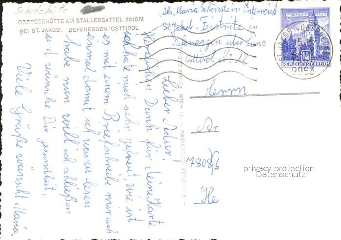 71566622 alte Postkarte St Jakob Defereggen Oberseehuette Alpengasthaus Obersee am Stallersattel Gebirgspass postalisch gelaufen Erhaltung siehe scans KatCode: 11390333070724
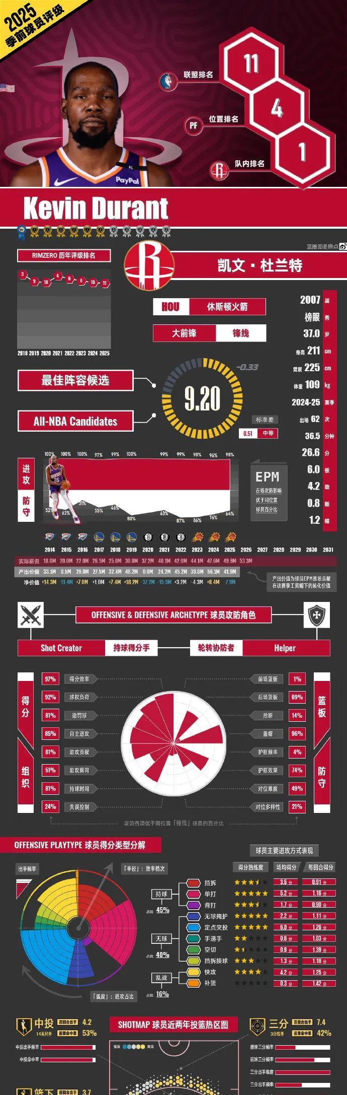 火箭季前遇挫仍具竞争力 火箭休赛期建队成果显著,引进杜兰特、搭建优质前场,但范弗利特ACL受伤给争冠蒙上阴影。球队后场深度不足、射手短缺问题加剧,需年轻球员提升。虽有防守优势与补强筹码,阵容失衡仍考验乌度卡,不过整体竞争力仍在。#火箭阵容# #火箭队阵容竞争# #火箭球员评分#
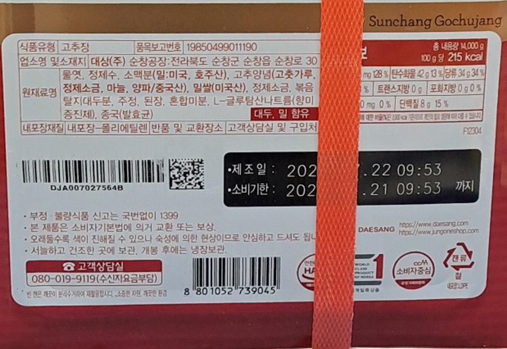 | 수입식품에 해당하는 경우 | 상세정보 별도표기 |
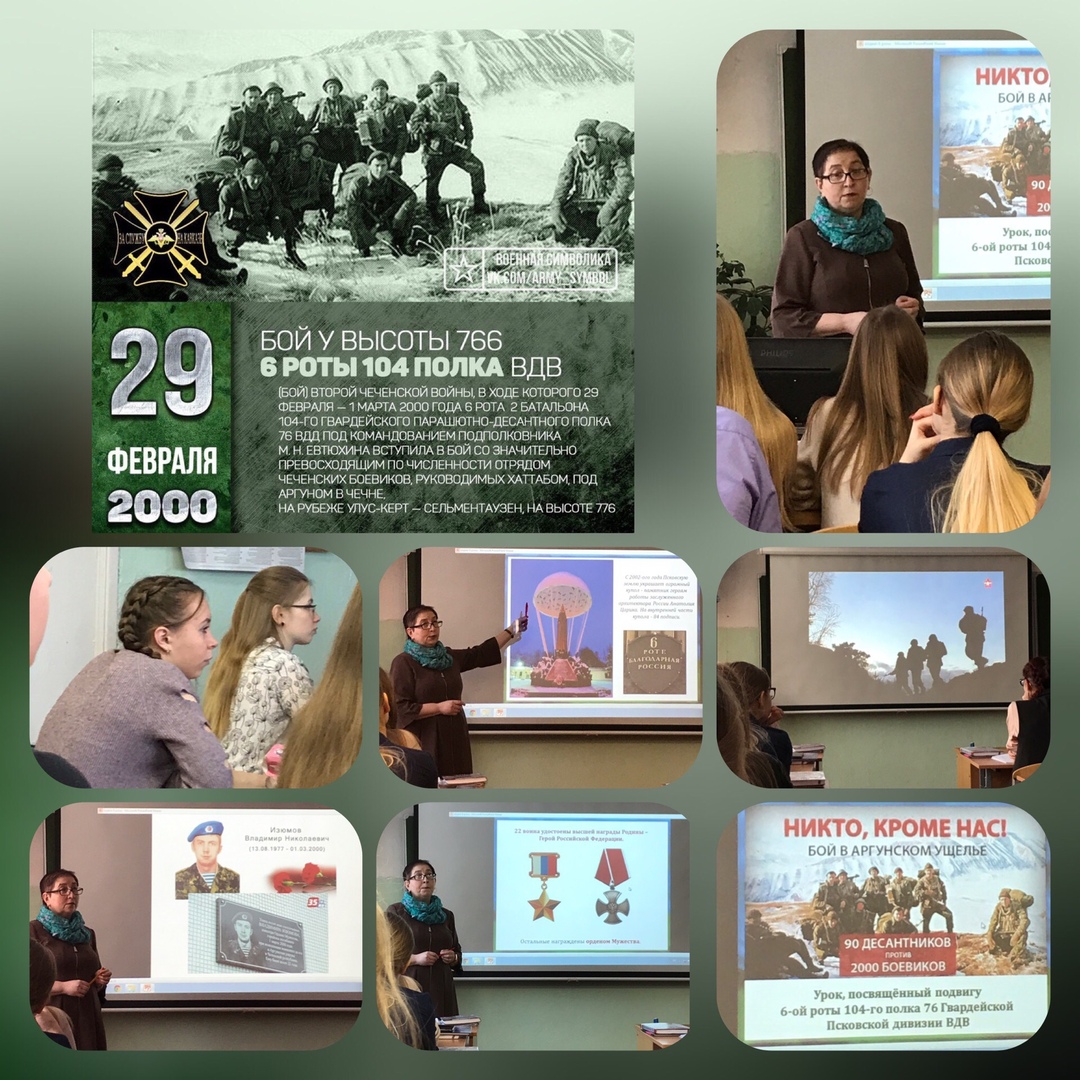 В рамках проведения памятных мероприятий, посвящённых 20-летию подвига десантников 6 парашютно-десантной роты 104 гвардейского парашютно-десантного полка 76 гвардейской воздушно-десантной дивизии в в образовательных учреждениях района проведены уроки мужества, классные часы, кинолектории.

==

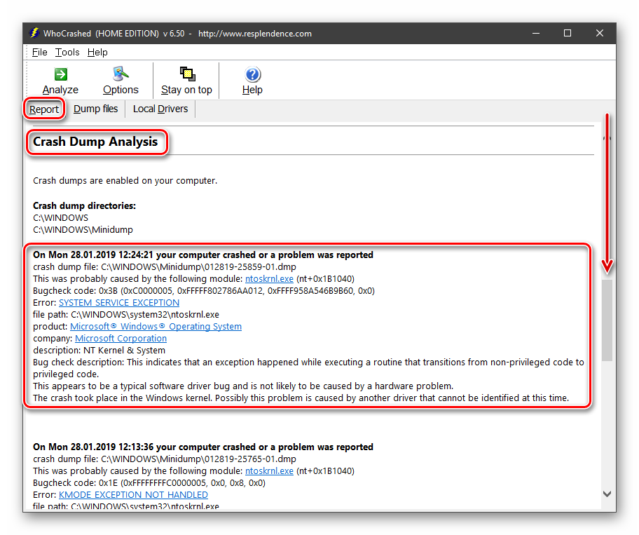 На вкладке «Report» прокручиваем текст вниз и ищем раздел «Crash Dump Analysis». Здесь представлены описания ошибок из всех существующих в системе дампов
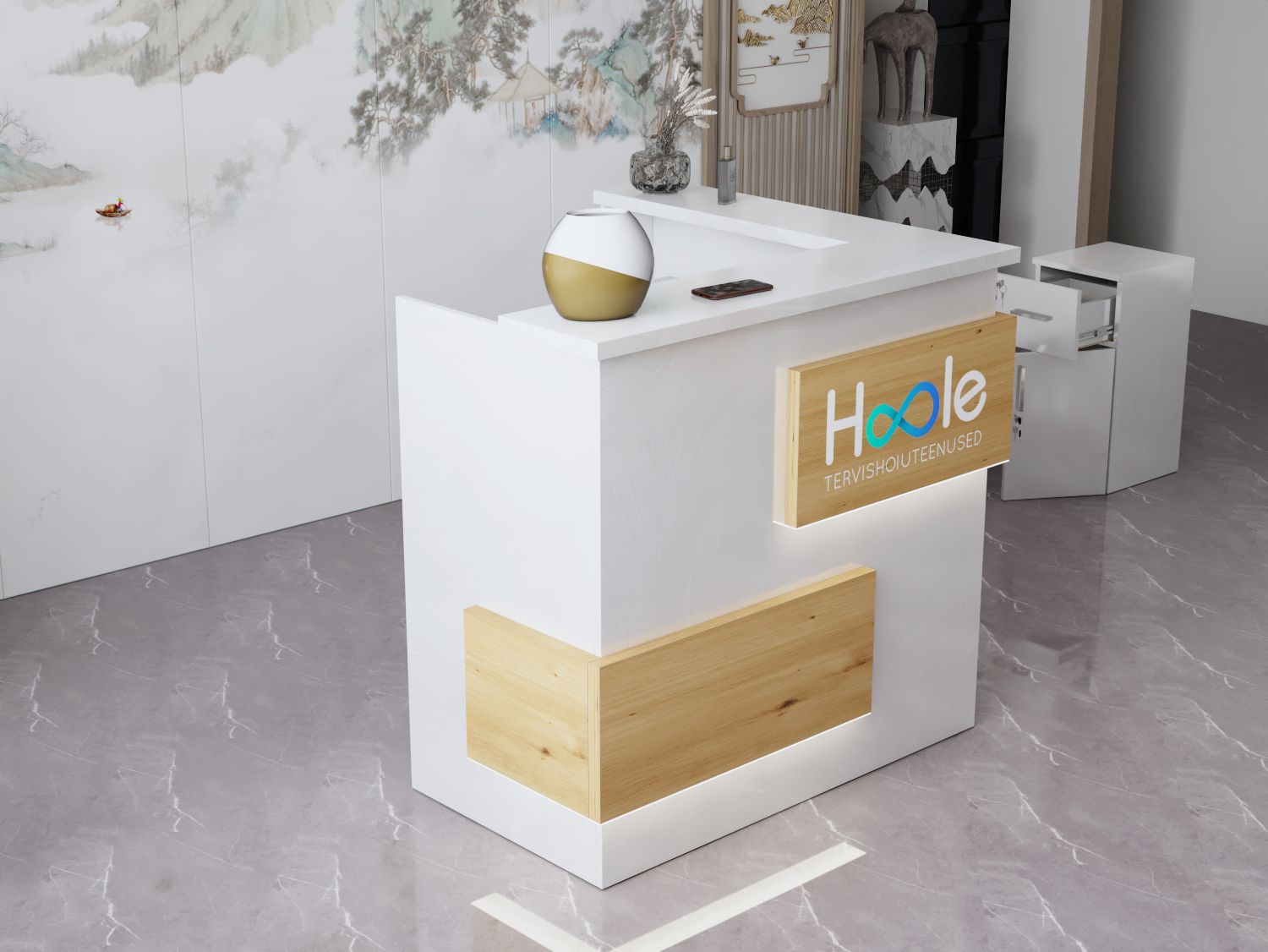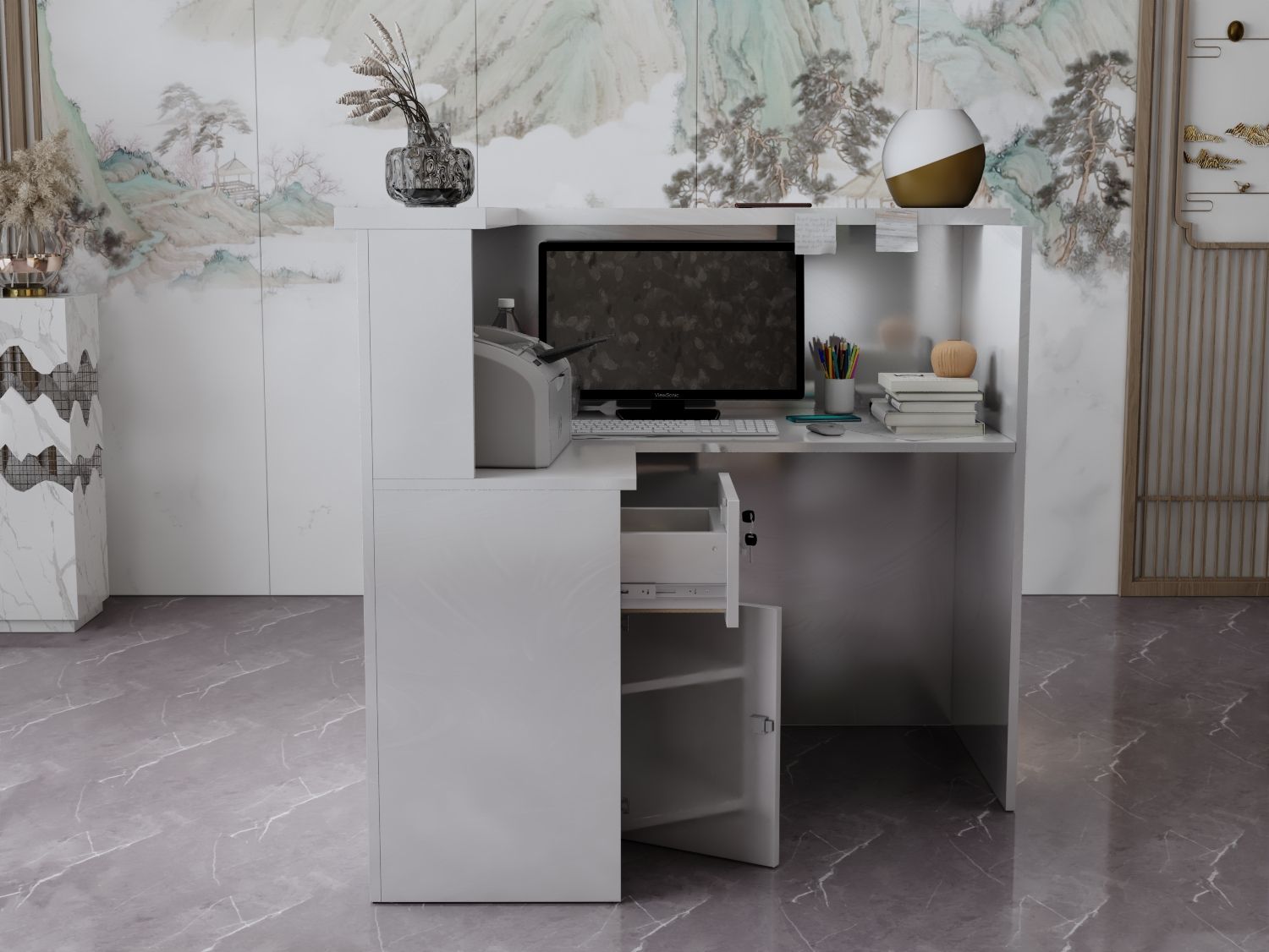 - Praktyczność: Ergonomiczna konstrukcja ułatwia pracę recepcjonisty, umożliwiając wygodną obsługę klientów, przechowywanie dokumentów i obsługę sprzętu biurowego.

[Task item] Above are the records; copy exactly the lines from the one with "71566622 alte Postkarte" through the one with "В рамках проведения", including both, and nothing more. Leave out pictures.

[Answer below]
 71566622 alte Postkarte St Jakob Defereggen Oberseehuette Alpengasthaus Obersee am Stallersattel Gebirgspass postalisch gelaufen Erhaltung siehe scans KatCode: 11390333070724
 火箭季前遇挫仍具竞争力 火箭休赛期建队成果显著,引进杜兰特、搭建优质前场,但范弗利特ACL受伤给争冠蒙上阴影。球队后场深度不足、射手短缺问题加剧,需年轻球员提升。虽有防守优势与补强筹码,阵容失衡仍考验乌度卡,不过整体竞争力仍在。#火箭阵容# #火箭队阵容竞争# #火箭球员评分#
 | 수입식품에 해당하는 경우 | 상세정보 별도표기 |
 В рамках проведения памятных мероприятий, посвящённых 20-летию подвига десантников 6 парашютно-десантной роты 104 гвардейского парашютно-десантного полка 76 гвардейской воздушно-десантной дивизии в в образовательных учреждениях района проведены уроки мужества, классные часы, кинолектории.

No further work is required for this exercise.